== Work order ==
Exercise in exact copying: restate word for word only the lines below from the one containing "Wesentlich für die" through the one containing "Slaapkamer 1 aan", omitting any pictures.

== Data excerpts ==
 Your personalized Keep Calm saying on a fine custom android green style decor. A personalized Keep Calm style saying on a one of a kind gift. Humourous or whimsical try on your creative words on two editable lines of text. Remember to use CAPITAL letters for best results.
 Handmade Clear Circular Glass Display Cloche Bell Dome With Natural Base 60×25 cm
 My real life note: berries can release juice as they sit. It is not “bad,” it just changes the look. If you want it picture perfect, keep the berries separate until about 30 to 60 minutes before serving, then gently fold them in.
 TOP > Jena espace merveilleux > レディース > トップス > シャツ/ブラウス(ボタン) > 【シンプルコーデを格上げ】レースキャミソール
...
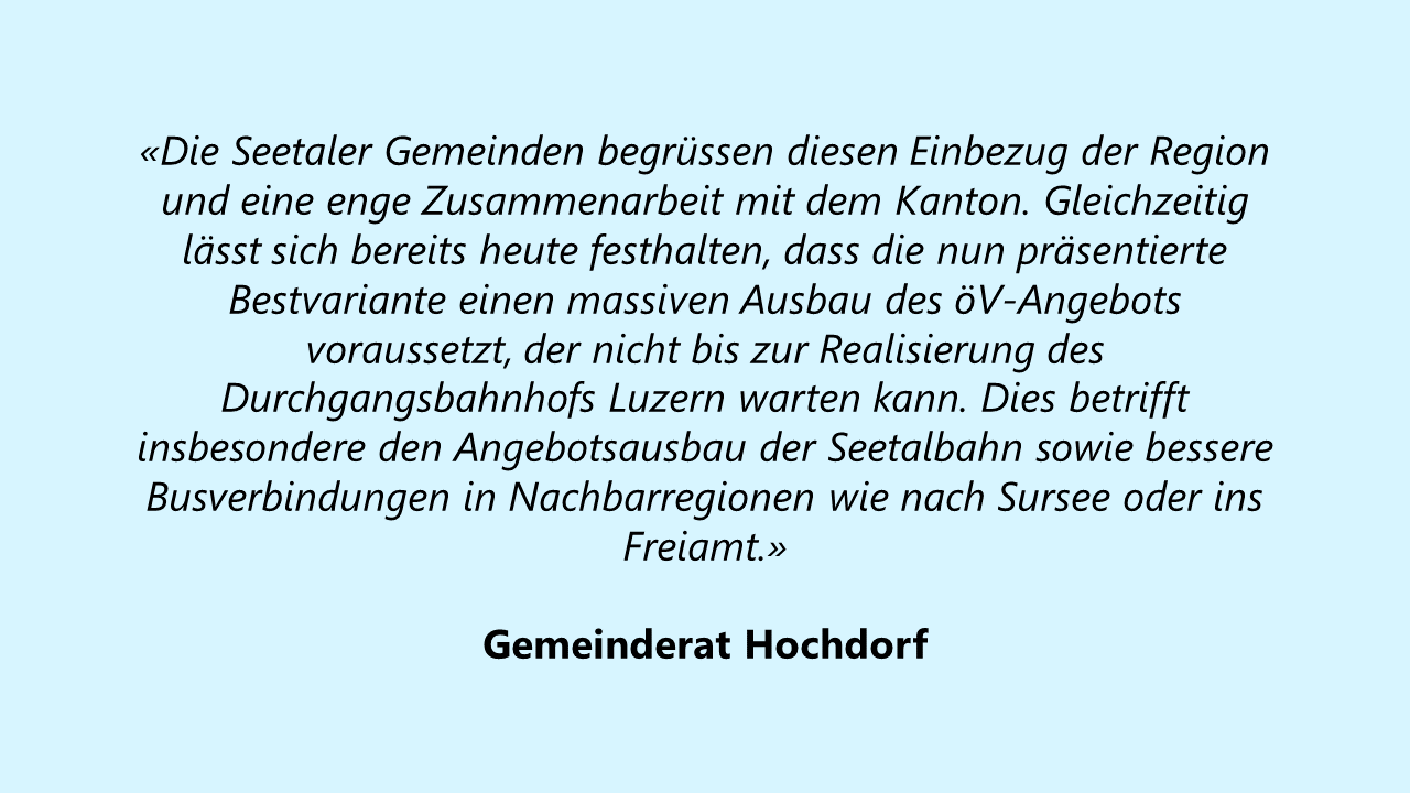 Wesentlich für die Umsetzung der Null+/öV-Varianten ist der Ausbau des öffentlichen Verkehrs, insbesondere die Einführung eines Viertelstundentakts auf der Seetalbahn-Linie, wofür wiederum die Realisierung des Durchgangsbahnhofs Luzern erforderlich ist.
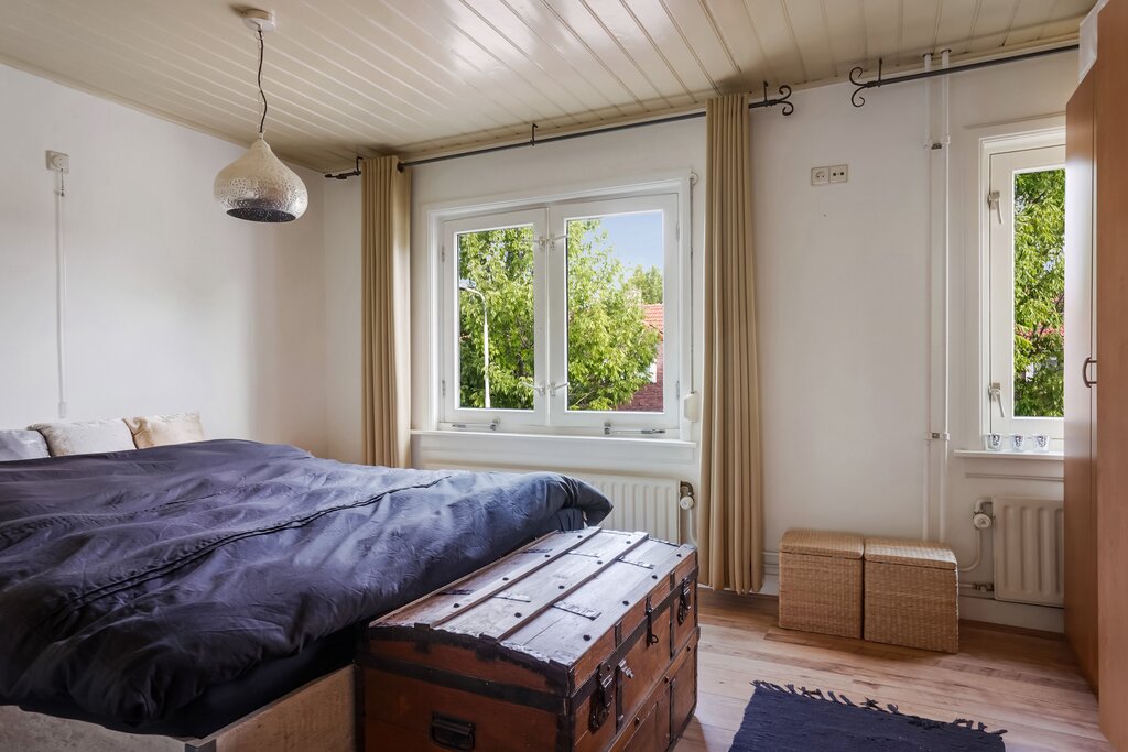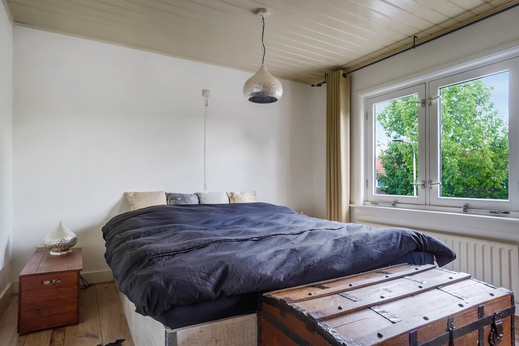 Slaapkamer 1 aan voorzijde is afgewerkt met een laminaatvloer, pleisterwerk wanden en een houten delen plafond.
---
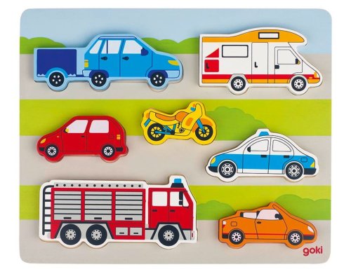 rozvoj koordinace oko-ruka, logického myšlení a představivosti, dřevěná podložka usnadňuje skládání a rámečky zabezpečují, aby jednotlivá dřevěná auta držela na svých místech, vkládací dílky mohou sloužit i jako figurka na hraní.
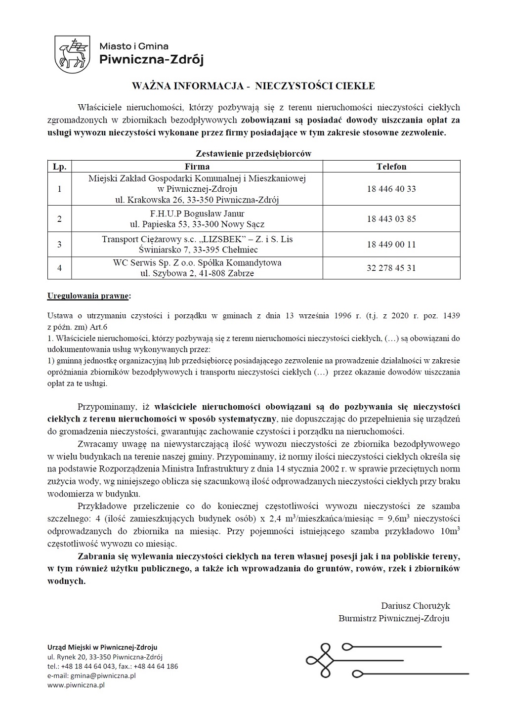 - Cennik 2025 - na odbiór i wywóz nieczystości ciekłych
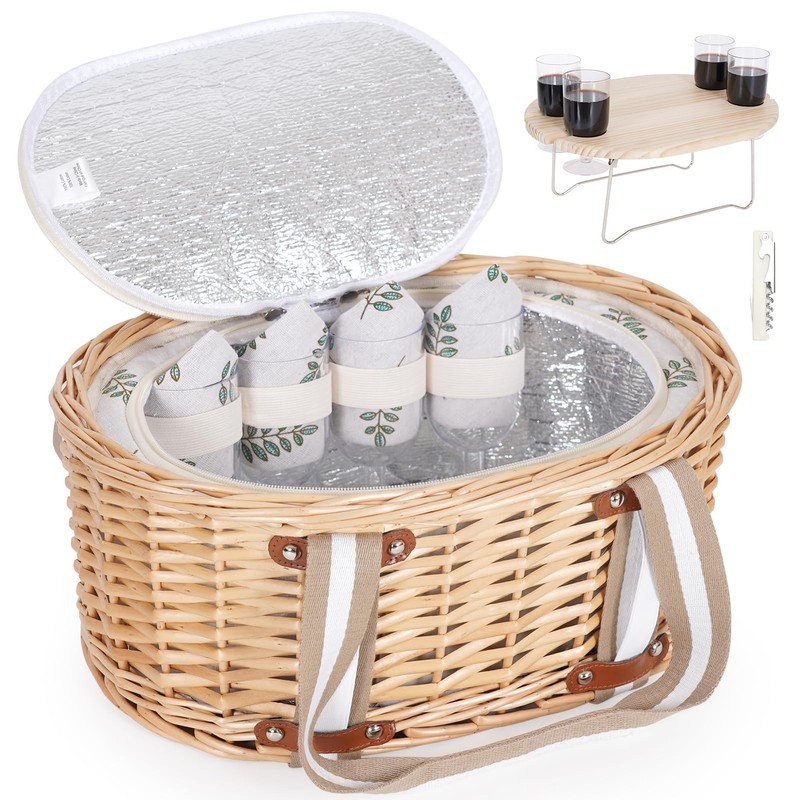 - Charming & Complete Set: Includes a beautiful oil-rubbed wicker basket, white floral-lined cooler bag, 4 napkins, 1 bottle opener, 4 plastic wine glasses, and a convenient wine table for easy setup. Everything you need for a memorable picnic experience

== Answer space ==
 Wesentlich für die Umsetzung der Null+/öV-Varianten ist der Ausbau des öffentlichen Verkehrs, insbesondere die Einführung eines Viertelstundentakts auf der Seetalbahn-Linie, wofür wiederum die Realisierung des Durchgangsbahnhofs Luzern erforderlich ist.
 Slaapkamer 1 aan voorzijde is afgewerkt met een laminaatvloer, pleisterwerk wanden en een houten delen plafond.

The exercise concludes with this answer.